[英]Glove Word Mover Similarity
I want to calculate text similarity using relaxed word movers distance. 我想使用轻松的字移动器距离来计算文本相似度。 I have two different datasets (corpus). 我有两个不同的数据集(语料库)。 See below. 见下文。
A <- data.frame(name = c(
"X-ray right leg arteries",
"consultation of gynecologist",
"x-ray leg arteries",
"x-ray leg with 20km distance",
"x-ray left hand"
), stringsAsFactors = F)
B <- data.frame(name = c(
"X-ray left leg arteries",
"consultation (inspection) of gynecalogist",
"MRI right leg arteries",
"X-ray right leg arteries with special care"
), stringsAsFactors = F)
I am using text2vec package in R. 我在R中使用text2vec包。
library(text2vec)
library(stringr)
prep_fun = function(x) {
x %>%
# make text lower case
str_to_lower %>%
# remove non-alphanumeric symbols
str_replace_all("[^[:alnum:]]", " ") %>%
# collapse multiple spaces
str_replace_all("\\s+", " ")
}
Combine both datasets
C = rbind(A, B)
C$name = prep_fun(C$name)
it = itoken(C$name, progressbar = FALSE)
v = create_vocabulary(it) %>% prune_vocabulary()
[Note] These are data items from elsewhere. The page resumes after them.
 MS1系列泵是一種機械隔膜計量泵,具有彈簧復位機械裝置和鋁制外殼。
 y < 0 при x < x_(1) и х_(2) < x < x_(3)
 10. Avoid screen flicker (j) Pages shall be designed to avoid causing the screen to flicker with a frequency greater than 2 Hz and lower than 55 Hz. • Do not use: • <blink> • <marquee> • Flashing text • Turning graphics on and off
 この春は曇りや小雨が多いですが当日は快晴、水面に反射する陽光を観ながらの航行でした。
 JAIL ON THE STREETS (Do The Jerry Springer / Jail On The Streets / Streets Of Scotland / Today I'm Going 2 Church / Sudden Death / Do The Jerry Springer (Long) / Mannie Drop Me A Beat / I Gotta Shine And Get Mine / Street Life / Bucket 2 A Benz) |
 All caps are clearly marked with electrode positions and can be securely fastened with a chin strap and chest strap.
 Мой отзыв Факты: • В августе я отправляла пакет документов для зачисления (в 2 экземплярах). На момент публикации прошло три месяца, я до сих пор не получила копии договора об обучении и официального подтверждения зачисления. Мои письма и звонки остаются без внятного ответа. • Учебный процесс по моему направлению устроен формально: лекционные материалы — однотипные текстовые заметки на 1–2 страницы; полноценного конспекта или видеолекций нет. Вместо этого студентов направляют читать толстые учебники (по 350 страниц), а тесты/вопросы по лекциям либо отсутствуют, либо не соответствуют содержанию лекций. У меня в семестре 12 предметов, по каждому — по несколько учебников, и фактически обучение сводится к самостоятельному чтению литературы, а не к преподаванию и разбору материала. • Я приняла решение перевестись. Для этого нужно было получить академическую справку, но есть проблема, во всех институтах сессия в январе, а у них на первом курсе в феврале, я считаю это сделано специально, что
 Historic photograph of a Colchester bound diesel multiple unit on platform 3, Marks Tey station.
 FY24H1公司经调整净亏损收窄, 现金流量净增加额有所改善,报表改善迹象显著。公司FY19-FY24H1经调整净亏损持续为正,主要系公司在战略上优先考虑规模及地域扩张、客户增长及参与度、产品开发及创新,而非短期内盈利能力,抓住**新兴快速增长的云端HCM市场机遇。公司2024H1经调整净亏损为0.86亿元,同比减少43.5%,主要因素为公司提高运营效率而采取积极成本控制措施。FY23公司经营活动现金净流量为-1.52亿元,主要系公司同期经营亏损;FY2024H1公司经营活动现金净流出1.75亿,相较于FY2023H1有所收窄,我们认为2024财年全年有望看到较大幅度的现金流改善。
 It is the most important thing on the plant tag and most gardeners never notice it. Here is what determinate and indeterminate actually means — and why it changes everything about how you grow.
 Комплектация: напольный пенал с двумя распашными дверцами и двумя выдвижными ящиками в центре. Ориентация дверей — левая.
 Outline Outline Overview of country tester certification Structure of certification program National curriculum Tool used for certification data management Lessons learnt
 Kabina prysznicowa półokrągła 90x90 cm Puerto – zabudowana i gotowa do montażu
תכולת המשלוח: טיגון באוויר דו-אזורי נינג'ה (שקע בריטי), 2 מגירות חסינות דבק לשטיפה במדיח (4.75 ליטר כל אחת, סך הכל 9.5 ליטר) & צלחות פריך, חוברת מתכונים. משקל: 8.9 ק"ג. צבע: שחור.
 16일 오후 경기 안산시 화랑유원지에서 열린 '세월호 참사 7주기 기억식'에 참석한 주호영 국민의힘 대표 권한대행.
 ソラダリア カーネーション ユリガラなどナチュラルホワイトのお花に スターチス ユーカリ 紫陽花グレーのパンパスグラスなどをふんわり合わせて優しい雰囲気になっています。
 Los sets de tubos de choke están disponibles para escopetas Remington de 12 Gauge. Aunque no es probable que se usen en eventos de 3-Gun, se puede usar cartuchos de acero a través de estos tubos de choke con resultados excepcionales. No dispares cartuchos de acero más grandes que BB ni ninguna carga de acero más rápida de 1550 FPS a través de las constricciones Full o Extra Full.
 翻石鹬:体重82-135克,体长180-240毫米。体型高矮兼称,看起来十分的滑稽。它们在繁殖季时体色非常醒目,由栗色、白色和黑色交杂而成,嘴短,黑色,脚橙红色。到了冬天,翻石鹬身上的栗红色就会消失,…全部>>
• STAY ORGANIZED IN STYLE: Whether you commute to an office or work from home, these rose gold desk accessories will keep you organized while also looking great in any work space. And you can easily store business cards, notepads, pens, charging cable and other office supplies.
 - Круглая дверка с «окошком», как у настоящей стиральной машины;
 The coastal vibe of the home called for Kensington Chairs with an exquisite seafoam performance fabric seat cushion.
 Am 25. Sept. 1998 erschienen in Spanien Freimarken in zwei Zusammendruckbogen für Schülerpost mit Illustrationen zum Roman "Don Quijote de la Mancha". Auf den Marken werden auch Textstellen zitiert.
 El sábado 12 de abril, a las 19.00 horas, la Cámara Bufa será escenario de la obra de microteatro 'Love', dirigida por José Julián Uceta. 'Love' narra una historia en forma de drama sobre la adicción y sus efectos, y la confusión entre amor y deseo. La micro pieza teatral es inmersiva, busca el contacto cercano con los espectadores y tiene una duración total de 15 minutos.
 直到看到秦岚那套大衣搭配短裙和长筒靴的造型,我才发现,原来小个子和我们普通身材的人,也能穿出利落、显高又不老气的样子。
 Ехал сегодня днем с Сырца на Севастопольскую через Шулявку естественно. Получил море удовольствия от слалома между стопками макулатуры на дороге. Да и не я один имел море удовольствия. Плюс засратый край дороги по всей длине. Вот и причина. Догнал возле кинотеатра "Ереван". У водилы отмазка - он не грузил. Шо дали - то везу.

vectorizer = vocab_vectorizer(v)
dtm = create_dtm(it, vectorizer)
tcm = create_tcm(it, vectorizer, skip_grams_window = 3)
glove_model = GloVe$new(word_vectors_size = 10, vocabulary = v, x_max = 3)
wv = glove_model$fit_transform(tcm, n_iter = 10)
# get average of main and context vectors as proposed in GloVe paper
wv = wv + t(glove_model$components)
rwmd_model = RWMD$new(wv)
rwmd_dist = dist2(dtm[1:nrow(A), ], dtm[nrow(A)+1:nrow(C), ], method = rwmd_model, norm = 'none')
head(rwmd_dist)
[,1] [,2] [,3] [,4]
[1,] 0.1220713 0.7905035 0.3085216 0.4182328
[2,] 0.7043127 0.1883473 0.8031200 0.7038919
[3,] 0.1220713 0.7905035 0.3856520 0.4836772
[4,] 0.5340587 0.6259011 0.7146630 0.2513135
[5,] 0.3403019 0.5575993 0.7568583 0.5124514
Does skip_grams_window = 3
in tcm = create_tcm(it, vectorizer, skip_grams_window = 3)
code means checking 3 words to right while creating co-occurrence matrix? 确实skip_grams_window = 3
在tcm = create_tcm(it, vectorizer, skip_grams_window = 3)
代码装置检查3个字到右,同时创造共生矩阵? For example, text 'X-ray right leg arteries' would become vector - target :'X-ray' 例如,文字“ X射线右腿动脉”将成为矢量-目标:“ X射线”
right leg arteries
1 1 1
What's the use of word_vectors_size
? word_vectors_size
的用途是word_vectors_size
? I have read algorithm of glove but failed to understand the use of this function. 我已经阅读了手套的算法,但无法理解此功能的用法。
glove_model = GloVe$new(word_vectors_size = 10, vocabulary = v, x_max = 3) Gloves_model = GloVe $ new(word_vectors_size = 10,词汇= v,x_max = 3)
Suggest specifying the skip_grams_window_context
(valid values : "symmetric"
, "right"
, or "left"
) along with the skip_grams_window
argument . 建议与skip_grams_window
参数一起指定skip_grams_window_context
(有效值: "symmetric"
, "right"
或"left"
)。 [Documentation] [文档]
The word_vectors_size
argument is used to define the dimension of the underlying word vectors. word_vectors_size
参数用于定义基础单词向量的维数。 What this means is that each word is transformed into a vector in an N-dimension vector space. 这意味着每个单词都将在N维向量空间中转换为向量。 There are a few articles with a good explanation of word vectors ( article 1 and article 2 ). 有几篇文章对词向量有很好的解释( 第1条和第2条 )。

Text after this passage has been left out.